The different interpretations highlight the challenges of applying Blanton's model. Smith notes that there is always some ambiguity about the political significance of a site's physical features. For example, the Indus civilization's standardized housing and sophisticated water control systems can be seen as signs of shared power, but they have also been interpreted as evidence of totalitarian control. “Until someone comes up with a model that's rigorous and accepted by everyone, in my mind this is all going to be fairly subjective and speculative,” Smith says.

BU's Carballo argues that the form of government may not even be the most important measure of what Blanton terms collectivity. He points to an enormous obsidian workshop he excavated in an outlying neighborhood of Teotihuacan as a sign that commoners organized themselves at the grassroots level, no matter who ruled from the Avenue of the Dead. That makes Teotihuacan a collective society, even if it turns out to have had a single king, he argues.

It may be that societies like Teotihuacan simply don't fall into neat categories, Pool says. Or they may shift strategies over time. At Tres Zapotes, for example, elite factions may have shared power within the city, but the capital dominated nearby towns, which all had one central plaza modeled on the Tres Zapotes layout. Then, slowly, autocracy crept back into Tres Zapotes itself. Around 1 C.E., the four plaza groups lost their architectural coherence and individual rulers once again appeared in the city's art.

Collective governments do tend to rise and fall in cycles, Blanton says. In Oaxaca, the political pendulum swung between collectivity and autocracy every 200 to 300 years, judging from shifts in the layouts of dominant sites and histories recorded by colonial chroniclers. “Democracy isn't a one-shot deal that happened one time. It comes and goes, and it's very difficult to sustain,” he says.

History had a special irony in store for the republic of Tlaxcallan when the Spanish arrived. After centuries of resisting the Mexica Empire, the Tlaxcaltecas finally saw an opportunity to destroy their enemies. They allied with conquistador Hernán Cortés, helping him plan attacks on Tenochtitlan and sheltering his army after its initial crushing defeat, which allowed the Spanish forces to regroup and try again—this time successfully. “I'm not sure the conquest would have been possible without Tlaxcallan assistance,” Fargher says.

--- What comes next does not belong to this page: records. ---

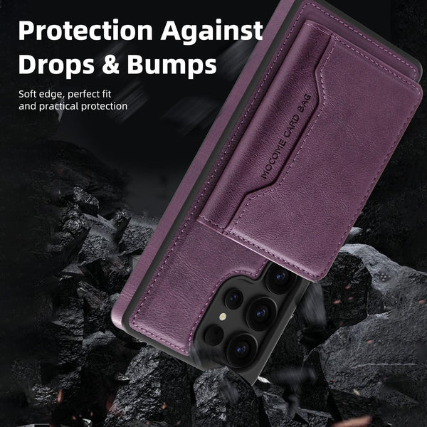 For Samsung Galaxy S25+ 5G Shield Multi-functional MagSafe Card Bag Phone Case(Purple)
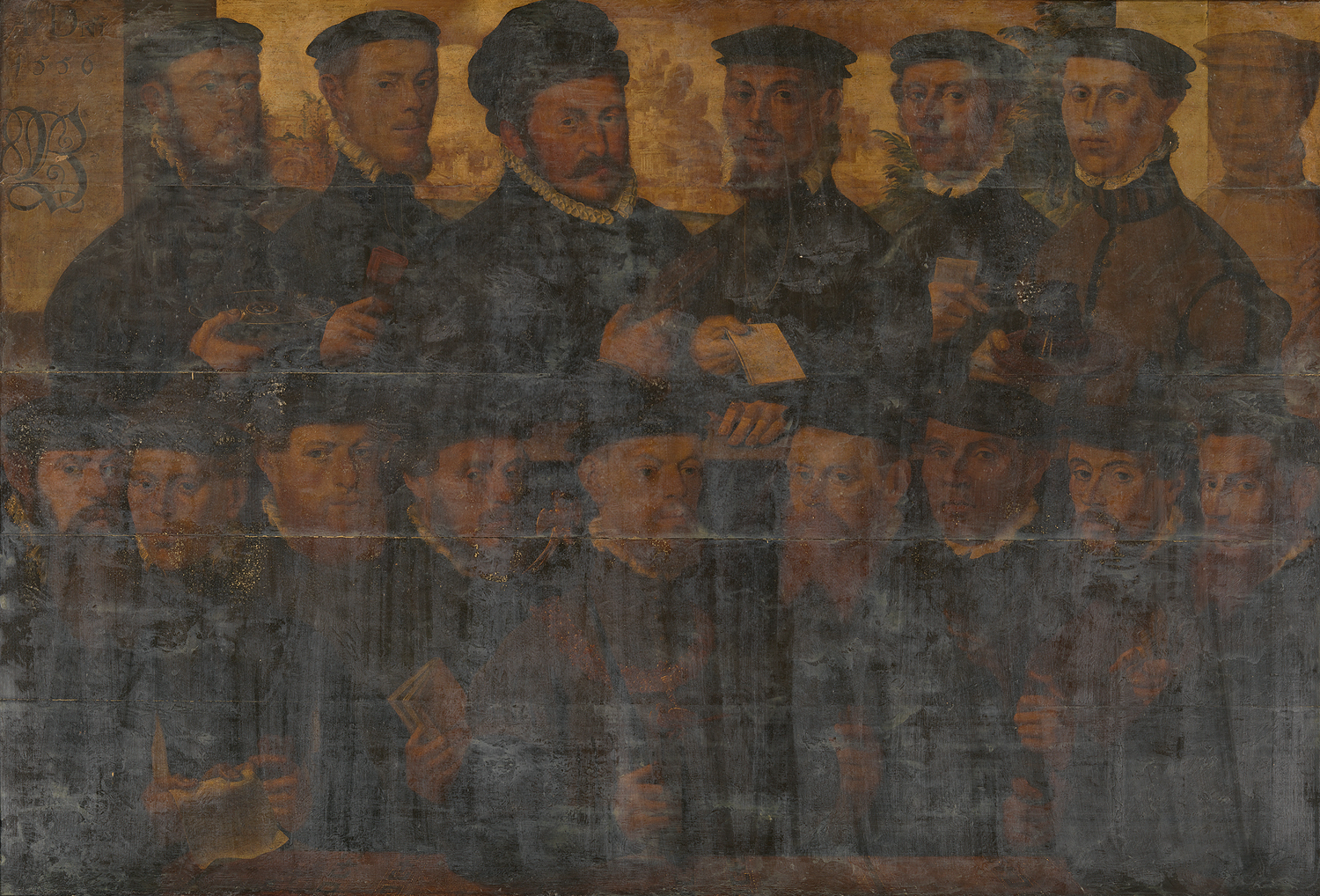 Een der schutters links onder houdt een blad muziek in de hand met daarop de woorden: "die Man / dat Wijf" (facsimile in cat. Rijksmuseum 1912; n.b. het handschrift van Schaep uit 1653 vermeldt in de Handboogdoelen onder nr. 4 een nu verdwenen schuttersstuk van het jaar 1558 "waerin een met een blad musijck, daerin deze woorden: Een Man, Een Wijff, op musijcknoten"). Ons schilderij wordt door Schaep genoemd in de Kloveniersdoelen "op de camer genaempt het Heertgen (...) 23. Ibidem noch een oud stuck, get. B anno 1556" (SCHELTEMA VII, 1885, blz. 138). De man links boven heeft een schaal in de hand met daarop de letter B. Het schilderij is zo gesleten dat de teksten die op andere briefjes in de handen der schutters gestaan moeten hebben, niet meer te lezen ziin. De kop rechts boven is slechts gedoodverfd. Six was van mening dat De Jongh in zijn Van Mander editie het portret van Dirck Jacobsz naar deze kop heeft laten graveren ("Het leven der .. schilders .. door Karel van Mander .. overgebragt door Jacobus de Jongh" I, Amsterdam 1764, plaat F 3), hetgeen er op zou duiden dat men dit schilderij in de achttiende eeuw reeds aan D. Jacobsz toeschreef. Scheltema (1864, 1879) nam het op als een werk van Jacob Cornelisz, waarna Six het in 1895 weer op naam van Dirck Jacobsz bracht. L. Münz, die de noten voor de tweede editie van Riegls "Das Holländische Gruppenporträt" verzorgde, meende dat het van dezelfde anonieme hand was als schuttersstukken van 1554 (cat.nr. 605), 1557 en 1559 (cat.nr. 606). De Vries (1934) beschouwde ons stuk van 1556 samen met die van 1557 (cat.nr. 112) en 1559 (cat.nr. 606) als een groep, waarvan hij vermoedde dat zij in het atelier van Dirck Jacobsz ontstaan was. Hoogewerff verbond het slechts met het schilderij van 1559 en meende dat deze twee panelen misschien door Allaert Claesz geschilderd waren. Philippot nam Münz' idee over, en doopte de anonieme schilder de "Meester van het Antwerpse Familieportret", naar het 1559 gedateerde familieportret in het Museum voor Schone Kunsten te Antwerpen. ( Rob Ruurs)
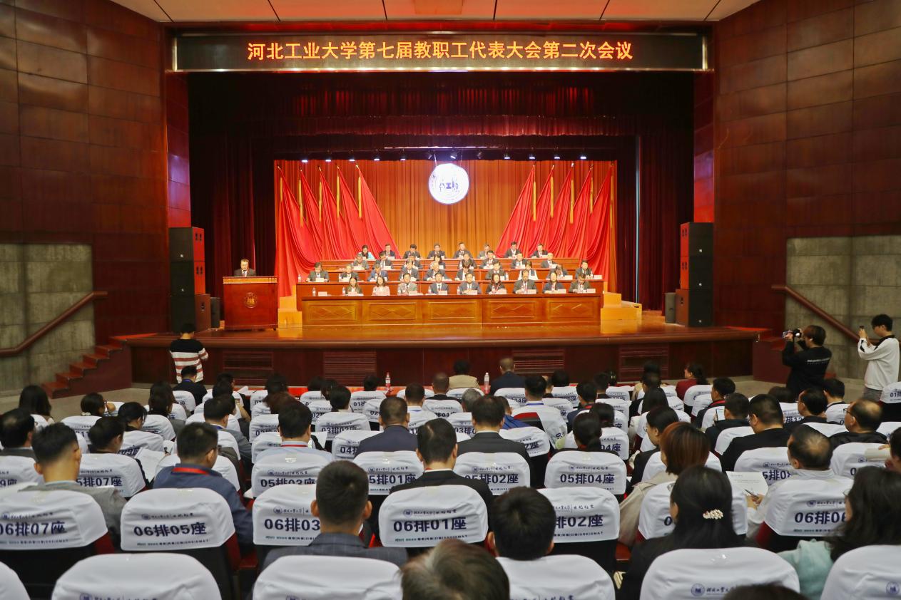 10月11日,beat365中文官方网站第七届教职工代表大会第二次会议、第八届工会会员代表大会第二次会议在北辰校区大学生活动中心礼堂举行。全体校领导出席大会,教代会代表198人、工代会代表76人参加大会。
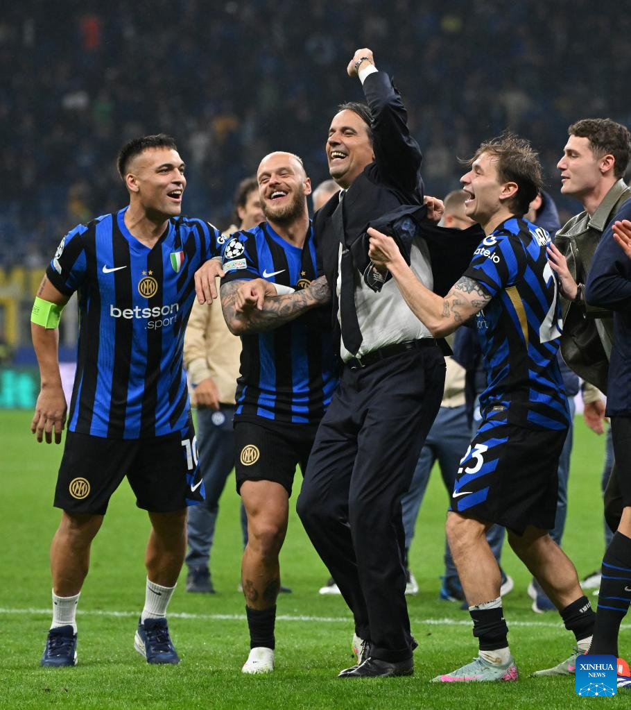 Inter Milan's head coach Simone Inzaghi (C) celebrates at the end of the UEFA Champions League semifinal second leg match between Inter Milan and Barcelona in Milan, Italy, May 6, 2025. (Photo by Alberto Lingria/Xinhua)
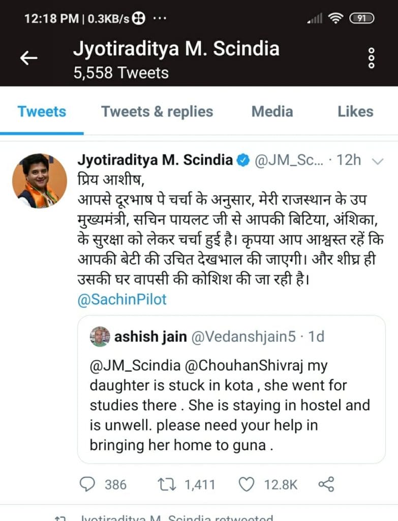 सिंधिया (scindia) के संसदीय क्षेत्र गुना (guna) के रहने वाले आशीष जैन (ashish jain) ने अपनी बेटी अंशिका anshika) को राजस्थान के कोटा (kota) से वापस घर लाने के लिए मुख्यमंत्री शिवराज सिंह चौहान (shivraj singh chauhan) और पूर्व केंद्रीय मंत्री ज्योतिरादित्य सिंधिया (scindia) को ट्वीट किया था। मुख्यमंत्री शिवराज सिंह इस ट्वीट पर कोई प्रतिक्रिया नहीं दे पाए जबकि सिंधिया ने राजस्थान के उप मुख्यमंत्री सचिन पायलट से फोन पर बात की और आशीष जैन को भरोसा दिलाया कि जल्द ही उनकी बेटी घर लौट आयेगी।
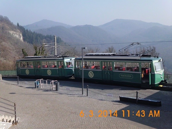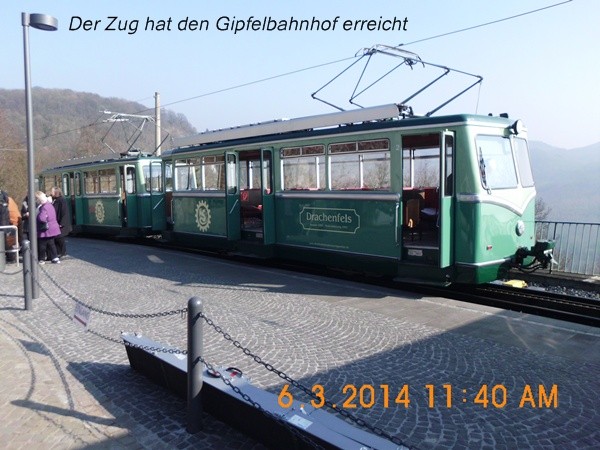 Inzwischen war der Nebel fast weg, die Sicht war gut auf die Höhen des Siebengebirges. Gleich neben dem Bahnsteig befindet sich das Gipfelrestaurant. Darüber ist auf dem Foto in der Bildmitte die Ruine der Burg Drachenfels zu erkennen...
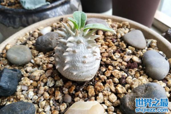 白皮月界是一种较为罕见的濒危物种,一种产自非洲的珍贵花卉,它看起来非常的迷人,就好像是暗夜里的精灵一般。其生长缓慢,花费几十年的时间才能长成株苗,十分珍贵,目前禁止出口,只能前往当地欣赏,而且白皮月界的叶片小巧可爱,根茎短小粗壮,憨态可掬。
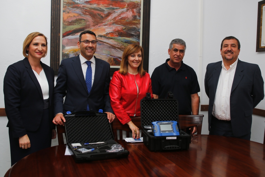 La Consejería de Seguridad del Ejecutivo autónomo ha dotado de diverso equipamiento tecnológico al Ayuntamiento de Teguise. El alcalde, Oswaldo Betancort, acompañado por los responsables de Policía Local y de Emergencias, Miguel Ángel Jiménez y Eugenio Robayna respectivamente, recibió de la mano de la consejera de Política Territorial, Sostenibilidad y Seguridad del Gobierno de Canarias, Nieves Lady Barreto, y de la directora general de Seguridad y Emergencias, Nazaret Díaz, de un nuevo sonómetro para la medición de los niveles de ruido y un drogotest para el control de consumo de sustancias tóxicas.
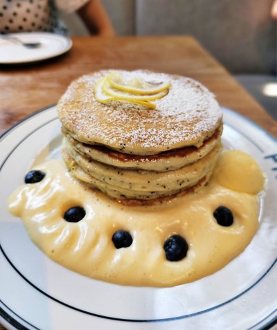 (buttermilk pancakes with ricotta, poppy seed and lemon curd)
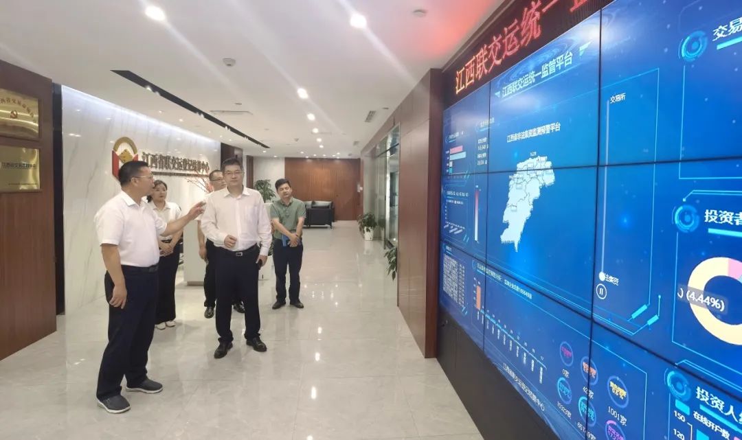 陳偉一行首先觀摩了公司輔助監(jiān)管信息展示大屏,詳細(xì)了解公司“統(tǒng)一監(jiān)管平臺(tái)”、“贛金鷹眼平臺(tái)”、“贛金衛(wèi)士平臺(tái)”等輔助監(jiān)管平臺(tái)建設(shè)案例成果并表示贊賞。
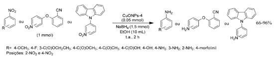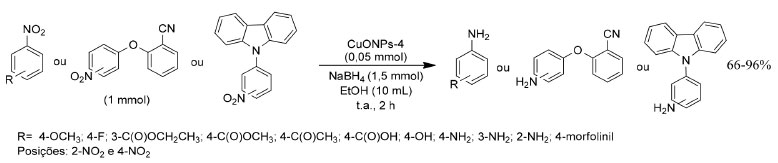 CATALISADORES DE COBRE Em 2017, Anthony e colaboradores18 relataram a reação de redução de compostos nitro aromáticos e empregaram CuONPs-4, catalisador baseado em nanopartículas de cobre encapsuladas em matriz de carbono, nessa transformação. Essa metodologia utiliza NaBH4 como agente redutor e etanol como solvente, em temperatura ambiente (Esquema 8). As aminas sintetizadas foram obtidas em bons a excelentes rendimentos, entre 66-96%. O catalisador utilizado apresenta baixo custo e facilidade de fabricação, apresentando tamanho e forma controlados, além de ter boa estabilidade. O catalisador foi recuperado por centrifugação e pôde ser utilizado por até quatro ciclos de reação.
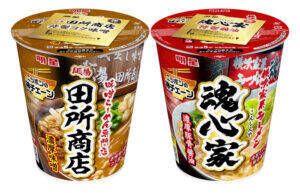新ブランド「ニッポンの神チェーン」 一方、市場で「プチ贅沢品志向」が高まっていることから、「ニッポンの神チェーン」ブランドを立ち上げ、「田所商店 濃厚味噌」と「魂心家 濃厚豚骨醤油」を3月16日から発売する。人気上昇中のラーメンチェーン店が監修した本格感ある味わいが特徴。手軽なタテ型ビッグカップ麺で楽しめる。
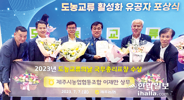 제주시농협 이재만 상무가 지난 7일 경기도 수원메쎄에서 열린 '2023년 도농교류의 날 기념식'에서 농촌발전유공 도농교류 활성화 분야에 기여한 공로로 국무총리 표창을 수상했다. 이재만 상무는 ▷농촌지역 농축협에 매년 도농상생 기금 지원 ▷농업인 실익사업 확대 지원 등의 공로를 인정받았다.

But as soon as the Tlaxcaltecas became subjects of the Spanish crown, the republic was gone. People abandoned their hilltop plazas and moved down into the valley, settling the modern city of Tlaxcala. When Mexico won independence from Spain 3 centuries after the conquest, the Tlaxcaltecas were cast as traitors, their society almost entirely forgotten. It took another 100 years before revolution returned democracy to Mexico's constitution. Now, ambitious candidates once again fight for their political futures—not in the plaza, but at the ballot box.